— Data under study —
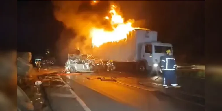 Segundo informações preliminares, a vítima fatal, uma mulher de 21 anos, estava em um Fiat Punto quando o veículo foi atingido. Três ocupantes de um Chevrolet Astra sofreram ferimentos e foram socorridos. O motorista de um caminhão que transportava pneus e se incendiou também ficou ferido e foi encaminhado ao hospital.
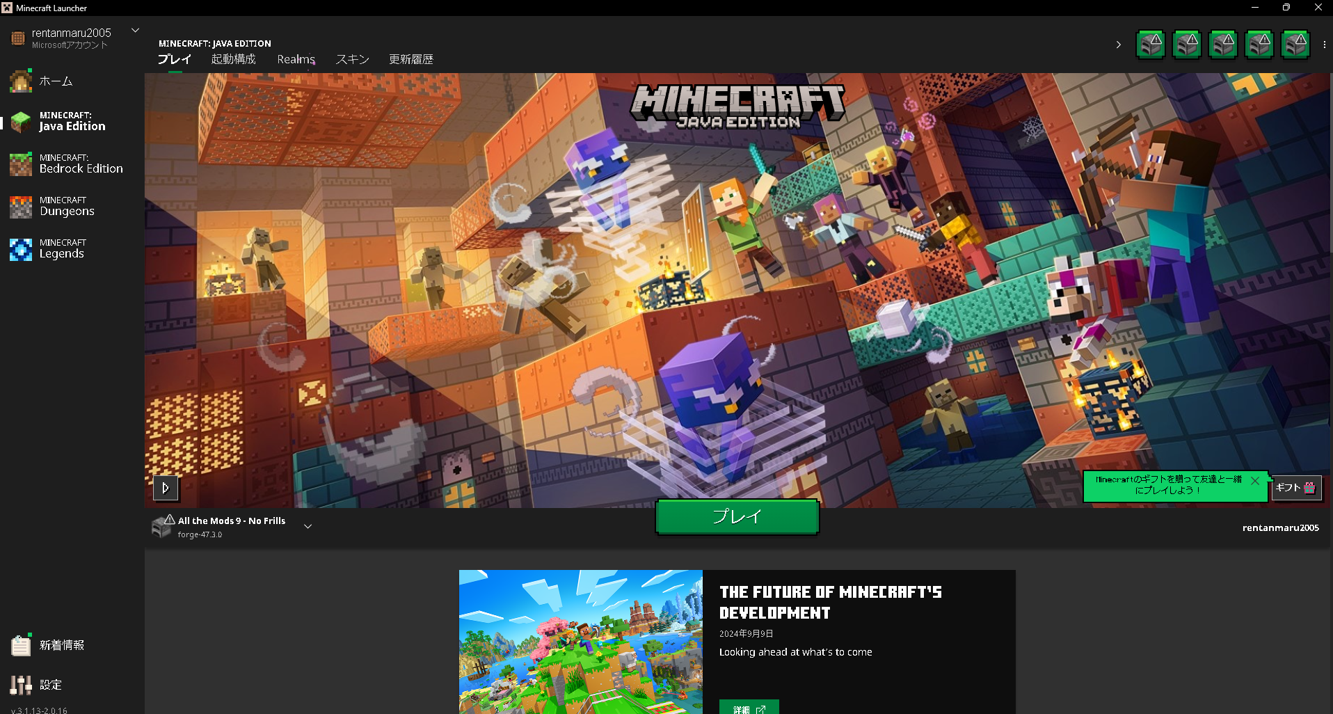 今回はマイクラのMODパックであるAll the Mods 9 – No Frillsの導入方法について解説します。
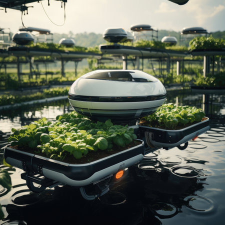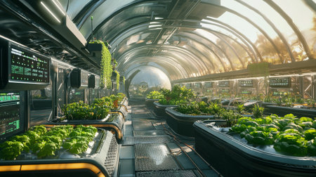 Discover a futuristic hydroponic system that showcases advanced technology in urban agriculture. Lush green plants thrive in a sustainable environment, highlighting innovation in food production and eco-friendly practices.
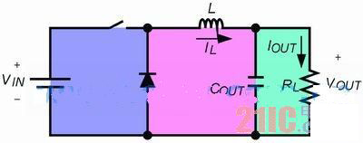 電流限制是開關式電源轉換器的一個重要保護功能,它可以在電流限制模式下限制可用的輸出電流,以防止出現系統故障。峰值電流限制是目前業內普遍采用的電流限制方法。每當電感的電流IL超出閾值IV時,電源轉換器的開關(如圖1所示)便會關斷,以制止電流從輸入電壓源VIN注入,直至IL小于IV時,開關才會重新開通。由于輸出電流IOUT總是等于IL的平均值(在工作期間IL呈線型紋波),故在電流限制模式下的IOUT(CL,DES) 為:
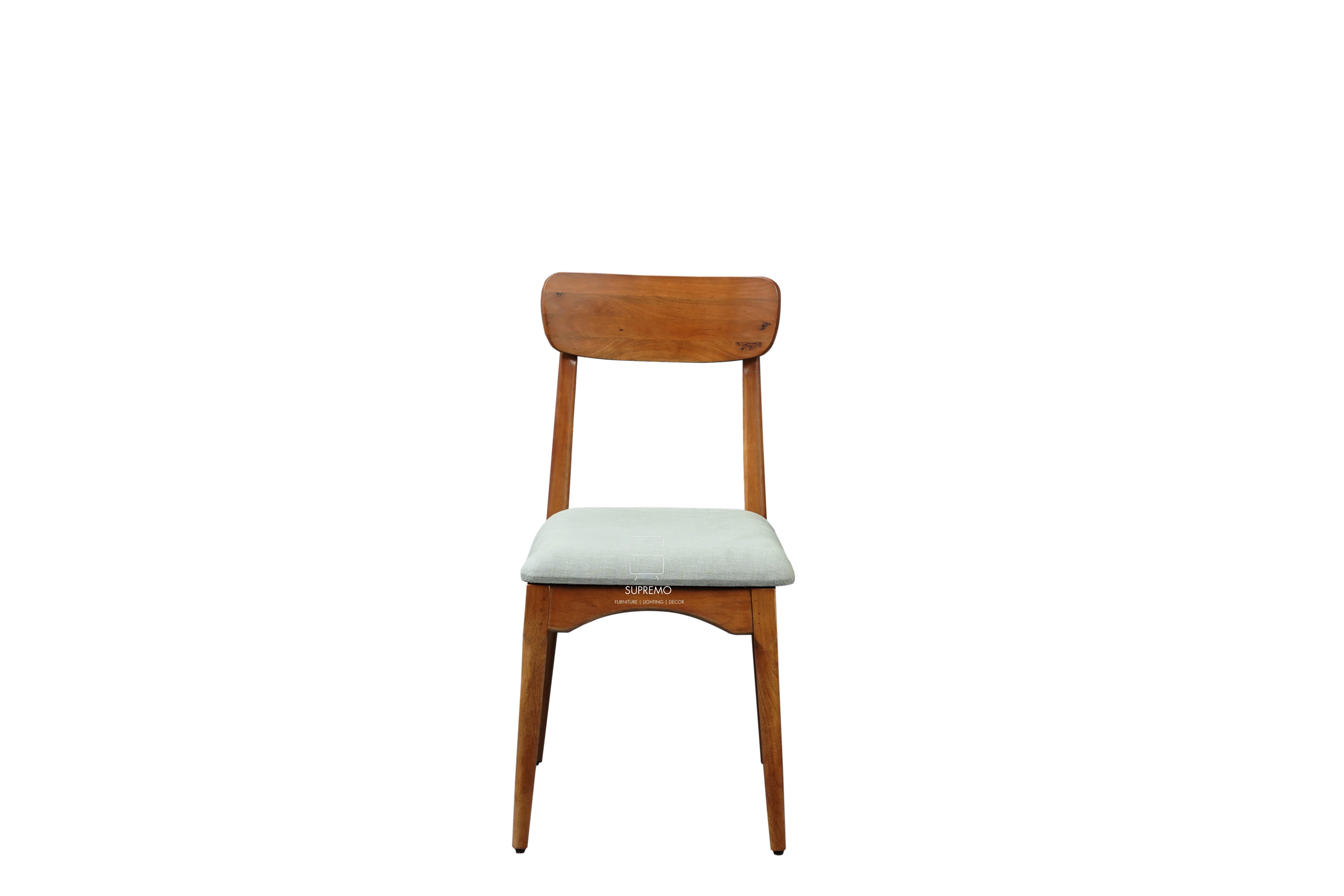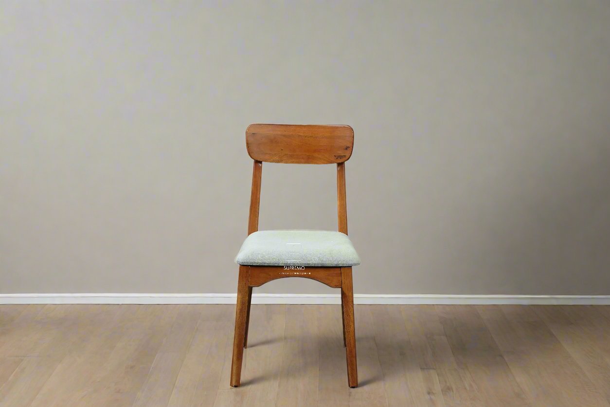 A chair that combines the warmth of mango wood with the comfort of upholstery, finished in natural stain for a cozy addition to any space.
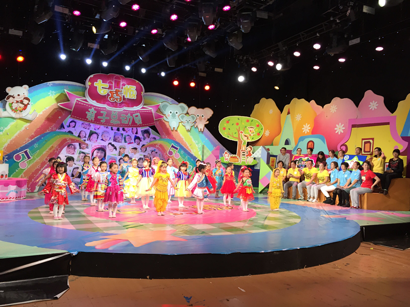 本次录制的节目包括舞蹈、亲子游戏和默契大考验。舞蹈《快来吧》是七巧板栏目固定的开场舞,我校幼儿园21名小朋友们身穿各国服装,用他们活泼可爱的表演充分展现了我园的国际化特色。在开场舞之后,小朋友们又表演了舞蹈《落雨大》,熟悉又好听的广东童谣加上孩子们的舞蹈充分展现了岭南特色。
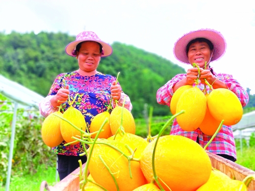 近日,天气晴好,记者来到该村的哈密瓜基地,只见一个个金黄的哈密瓜吊在大棚内长得十分喜人,游客一批接一批地赶来游玩采摘。
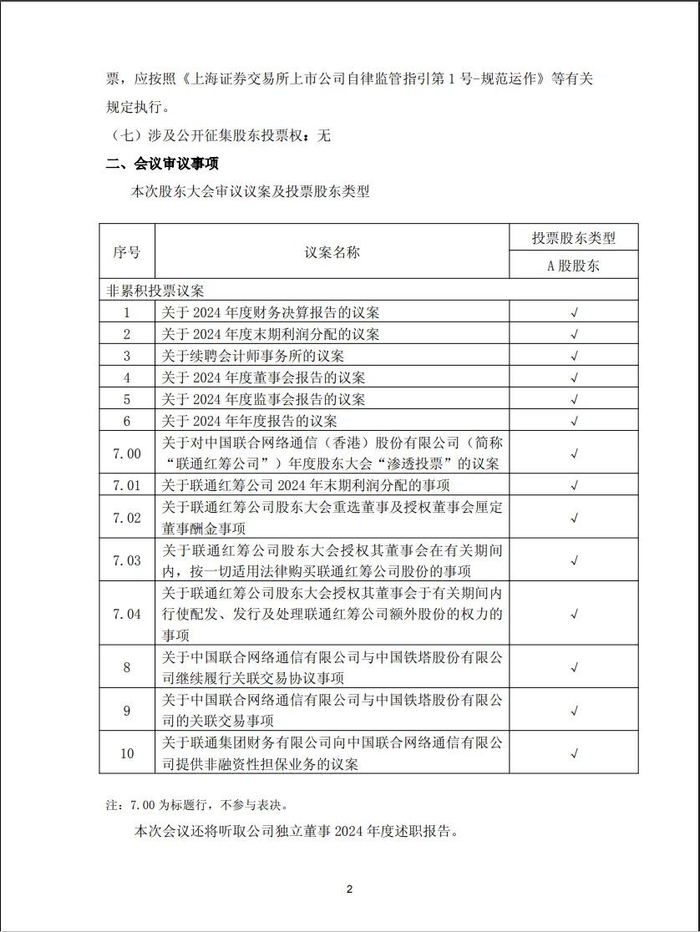 7、关于对中国联合网络通信年度股东大会“渗透投票”的议案
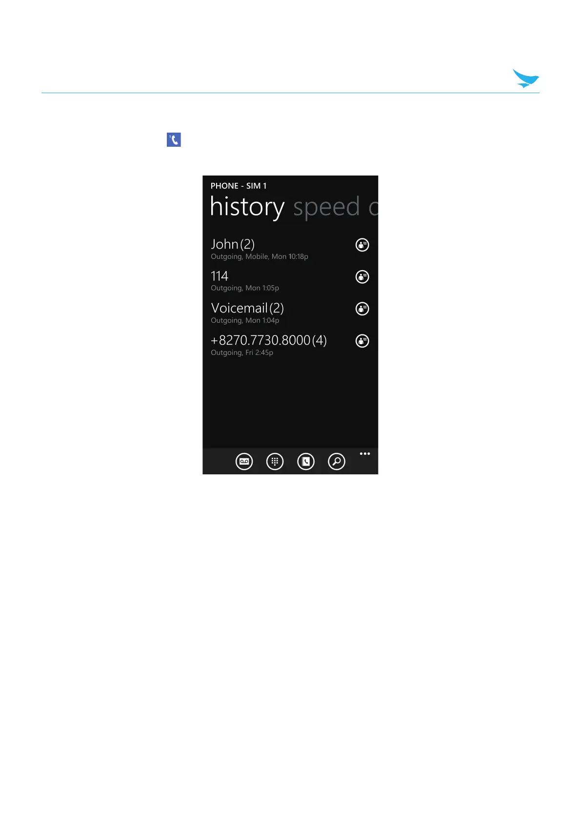 ap a name or a number in your history list to dial the number
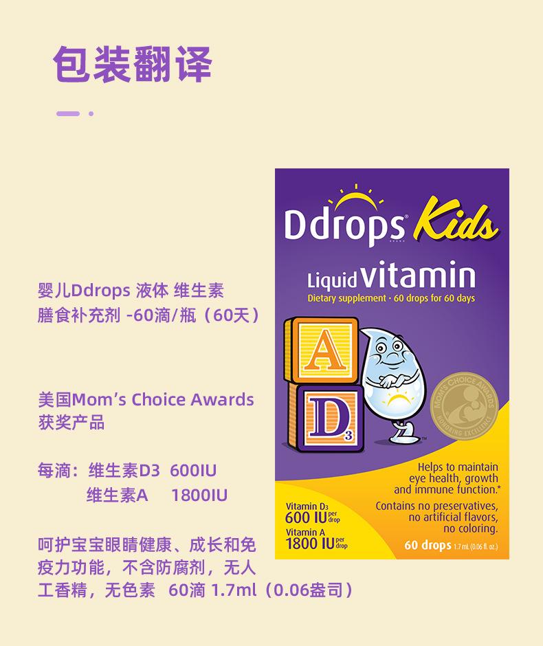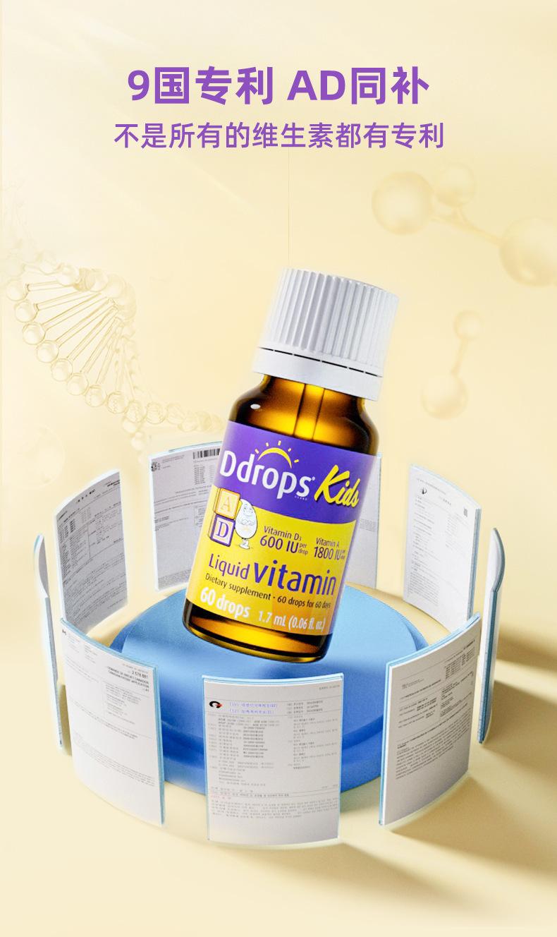Ddrops Drops Zhuosi Compound Vitamin AD Drops Promoção de Cálcio 1-18 Anos de Idade DD Drop Bottle 1.7ml 600IU
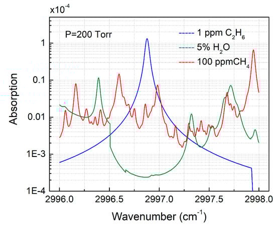 C2H6 has its strong fundamental absorption lines in the mid-infrared spectral range (near 3.3 μm), which permit sensitive and selective detection of atmospheric gases in this spectral range. Within this wavelength region, the potential spectral interference originates mainly from water (H2O) and methane (CH4). The concentration levels of H2O and CH4 in air are typically <5% and ~1.8 ppmv, respectively. Therefore, HITRAN absorption spectra of 1 ppmv ethane, 100 ppmv methane, and 50,000 ppmv water at 200 Torr gas pressure and a 3 cm effective optical path length are depicted in Figure 1. The selection of the low gas pressure avoids spectral overlap. A strong C2H6 absorption line at 3336.8 nm (2996.88 cm−1), which is free from spectral interference of other atmospheric gases (such as CH4 and H2O), was selected as the optimum target absorption line.
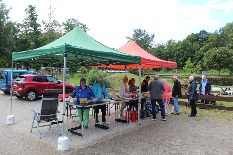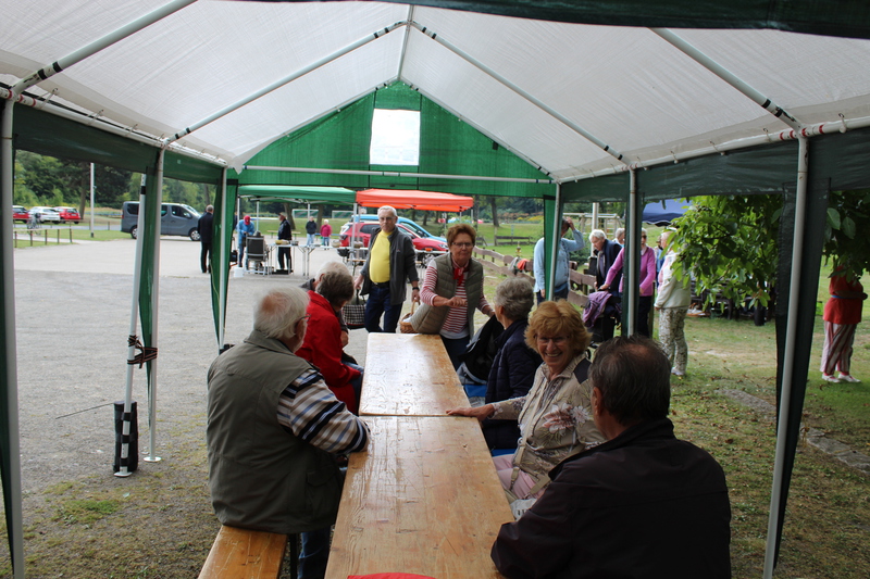 Für das Orgateam und den Helfern ging es schon früh um 9.00 Uhr los, Zelte wurden aufgebaut, Tische und Bänke zusätzlich aufgestellt und alle vorhandenen „Möbel“ abgewaschen. Die „Griller“ glühten schon einmal die Holzkohle vor. Die Küche füllte sich schnell mit leckeren Salaten und Kuchen.
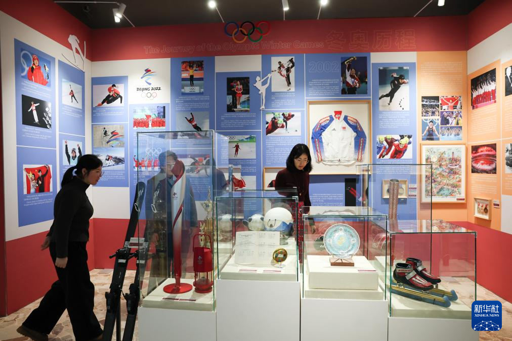 2月4日,人们在冬奥会“中国之家”参观“冬奥历程”展示区。
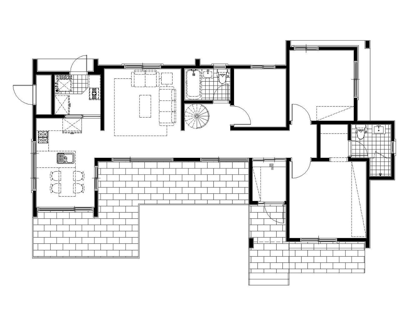 임성재 건축가 : 'ㄷ'자형 주택이 흔하지는 않죠. 거실과 방을 복도라는 공간에서 구분하면서 자연스럽게 'ㄷ'자형 배치를 만들어 냈습니다. 전면부 데크를 설치하여 외부로의 동선 확장을 유도하였으며, 다락으로 올라가는 계단실 면적을 줄이기 위해 원형계단을 사용해 안정감과 자리를 적게 차지하는 부분을 만족시켜주었습니다.
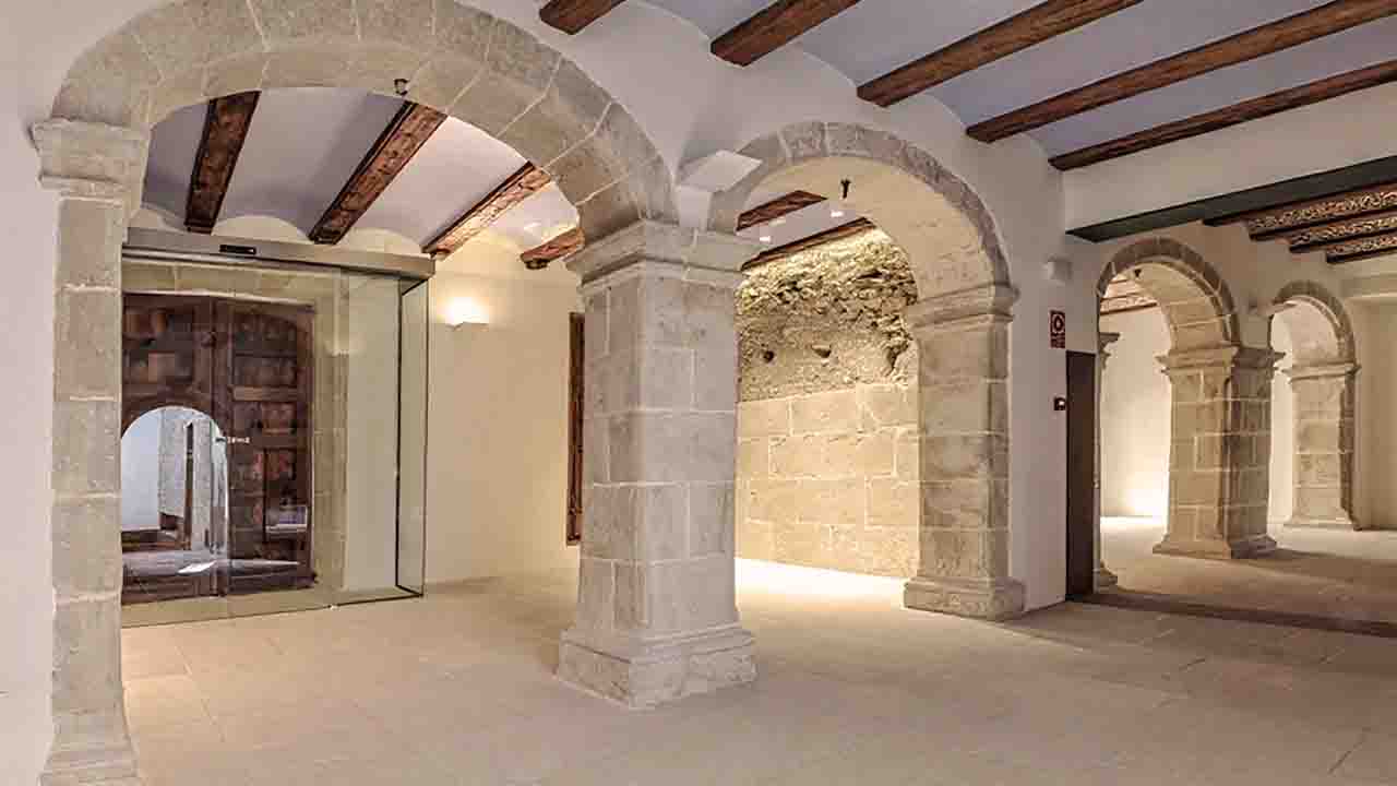 En nuestro paseo, llegamos a la calle Desamparats, donde se encuentra la Casa Abargues, una casa palaciega del siglo XVIII que alberga un museo trasportándote a la vida de la clase acomodada de la época. En su entrada principal, tallada en piedra, se encuentra el escudo heráldico familiar. Pudimos observar que destacan dos abarcas (calzado típico que da nombre al linaje de la familia). Nos permitieron entrar con el perro a visitarla. En el pasado, la familia Abargues era una de las más influyentes de Benissa y su hogar era el centro social del pueblo. Cada año, la familia organizaba una gran fiesta para celebrar la vendimia.
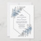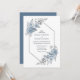 Um convite de casamento elegante, azul empoeirado, com folhas de samambaia e margaridas, guardadas por uma simples falso armação.

— Exercise objective —
Copy out the material exactly as it stands, though no picture should appear in the copy.

— Answer box —
 Segundo informações preliminares, a vítima fatal, uma mulher de 21 anos, estava em um Fiat Punto quando o veículo foi atingido. Três ocupantes de um Chevrolet Astra sofreram ferimentos e foram socorridos. O motorista de um caminhão que transportava pneus e se incendiou também ficou ferido e foi encaminhado ao hospital.
 今回はマイクラのMODパックであるAll the Mods 9 – No Frillsの導入方法について解説します。
 Discover a futuristic hydroponic system that showcases advanced technology in urban agriculture. Lush green plants thrive in a sustainable environment, highlighting innovation in food production and eco-friendly practices.
 電流限制是開關式電源轉換器的一個重要保護功能,它可以在電流限制模式下限制可用的輸出電流,以防止出現系統故障。峰值電流限制是目前業內普遍采用的電流限制方法。每當電感的電流IL超出閾值IV時,電源轉換器的開關(如圖1所示)便會關斷,以制止電流從輸入電壓源VIN注入,直至IL小于IV時,開關才會重新開通。由于輸出電流IOUT總是等于IL的平均值(在工作期間IL呈線型紋波),故在電流限制模式下的IOUT(CL,DES) 為:
 A chair that combines the warmth of mango wood with the comfort of upholstery, finished in natural stain for a cozy addition to any space.
 本次录制的节目包括舞蹈、亲子游戏和默契大考验。舞蹈《快来吧》是七巧板栏目固定的开场舞,我校幼儿园21名小朋友们身穿各国服装,用他们活泼可爱的表演充分展现了我园的国际化特色。在开场舞之后,小朋友们又表演了舞蹈《落雨大》,熟悉又好听的广东童谣加上孩子们的舞蹈充分展现了岭南特色。
 近日,天气晴好,记者来到该村的哈密瓜基地,只见一个个金黄的哈密瓜吊在大棚内长得十分喜人,游客一批接一批地赶来游玩采摘。
 7、关于对中国联合网络通信年度股东大会“渗透投票”的议案
 ap a name or a number in your history list to dial the number
Ddrops Drops Zhuosi Compound Vitamin AD Drops Promoção de Cálcio 1-18 Anos de Idade DD Drop Bottle 1.7ml 600IU
 C2H6 has its strong fundamental absorption lines in the mid-infrared spectral range (near 3.3 μm), which permit sensitive and selective detection of atmospheric gases in this spectral range. Within this wavelength region, the potential spectral interference originates mainly from water (H2O) and methane (CH4). The concentration levels of H2O and CH4 in air are typically <5% and ~1.8 ppmv, respectively. Therefore, HITRAN absorption spectra of 1 ppmv ethane, 100 ppmv methane, and 50,000 ppmv water at 200 Torr gas pressure and a 3 cm effective optical path length are depicted in Figure 1. The selection of the low gas pressure avoids spectral overlap. A strong C2H6 absorption line at 3336.8 nm (2996.88 cm−1), which is free from spectral interference of other atmospheric gases (such as CH4 and H2O), was selected as the optimum target absorption line.
 Für das Orgateam und den Helfern ging es schon früh um 9.00 Uhr los, Zelte wurden aufgebaut, Tische und Bänke zusätzlich aufgestellt und alle vorhandenen „Möbel“ abgewaschen. Die „Griller“ glühten schon einmal die Holzkohle vor. Die Küche füllte sich schnell mit leckeren Salaten und Kuchen.
 2月4日,人们在冬奥会“中国之家”参观“冬奥历程”展示区。
 임성재 건축가 : 'ㄷ'자형 주택이 흔하지는 않죠. 거실과 방을 복도라는 공간에서 구분하면서 자연스럽게 'ㄷ'자형 배치를 만들어 냈습니다. 전면부 데크를 설치하여 외부로의 동선 확장을 유도하였으며, 다락으로 올라가는 계단실 면적을 줄이기 위해 원형계단을 사용해 안정감과 자리를 적게 차지하는 부분을 만족시켜주었습니다.
 En nuestro paseo, llegamos a la calle Desamparats, donde se encuentra la Casa Abargues, una casa palaciega del siglo XVIII que alberga un museo trasportándote a la vida de la clase acomodada de la época. En su entrada principal, tallada en piedra, se encuentra el escudo heráldico familiar. Pudimos observar que destacan dos abarcas (calzado típico que da nombre al linaje de la familia). Nos permitieron entrar con el perro a visitarla. En el pasado, la familia Abargues era una de las más influyentes de Benissa y su hogar era el centro social del pueblo. Cada año, la familia organizaba una gran fiesta para celebrar la vendimia.
 Um convite de casamento elegante, azul empoeirado, com folhas de samambaia e margaridas, guardadas por uma simples falso armação.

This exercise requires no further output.